Custom conversation metric

Custom Conversation (Multi-turn) Metrics

Conversation metrics evaluate multi-turn conversations rather than single input-output pairs. These metrics are particularly useful for evaluating chatbots, conversational agents, and any multi-turn dialogue systems.

Understanding the Conversation Format

Conversation thread metrics work with a standardized conversation format:

1from typing import List, Dict, Literal
2
3# Type definition
4ConversationDict = Dict[Literal["role", "content"], str]
5Conversation = List[ConversationDict]
6
7# Example conversation
8conversation = [
9 {"role": "user", "content": "Hello! Can you help me?"},
10 {"role": "assistant", "content": "Hi there! I'd be happy to help.
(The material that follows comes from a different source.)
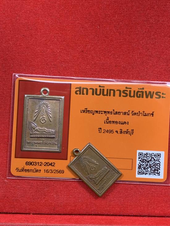 เหรียญพระพุทธไสยาสน์ วัดป่าโมกข์ ปี 2495 เนื้อทองแดง หายากครับ มาพร้อมบัตรรับรองครับ

What do you need?"},
11 {"role": "user", "content": "I need information about Python"},
12 {"role": "assistant", "content": "Python is a versatile programming language..."},
13]

Creating a Custom Conversation Metric

To create a custom conversation metric, subclass ConversationThreadMetric and implement the score method:

1from typing import Any
2from opik.evaluation.metrics import score_result
3from opik.evaluation.metrics.conversation import (
4 ConversationThreadMetric,
5 types as conversation_types,
6)
7
8
9class ConversationLengthMetric(ConversationThreadMetric):
10 """
11 A simple metric that counts the number of conversation turns.
12 """
13
14 def __init__(self, name: str = "conversation_length_score"):
15 super().__init__(name)
16
17 def score(
18 self, conversation: conversation_types.Conversation, **kwargs: Any
19 ) -> score_result.ScoreResult:
20 """
21 Score based on conversation length.
22
23 Args:
24 conversation: List of conversation messages with 'role' and 'content'.
25 **kwargs: Additional arguments (ignored).
26 """
27 # Count assistant responses (each represents one conversation turn)
28 num_turns = sum(1 for msg in conversation if msg["role"] == "assistant")
29
30 return score_result.ScoreResult(
31 name=self.name,
32 value=num_turns,
33 reason=f"Conversation has {num_turns} turns"
34 )

Advanced Example: LLM-as-a-Judge Conversation Metric

For more sophisticated evaluation, you can use an LLM to judge conversation quality. This pattern is particularly useful when you need nuanced assessment of conversation attributes like helpfulness, coherence, or tone.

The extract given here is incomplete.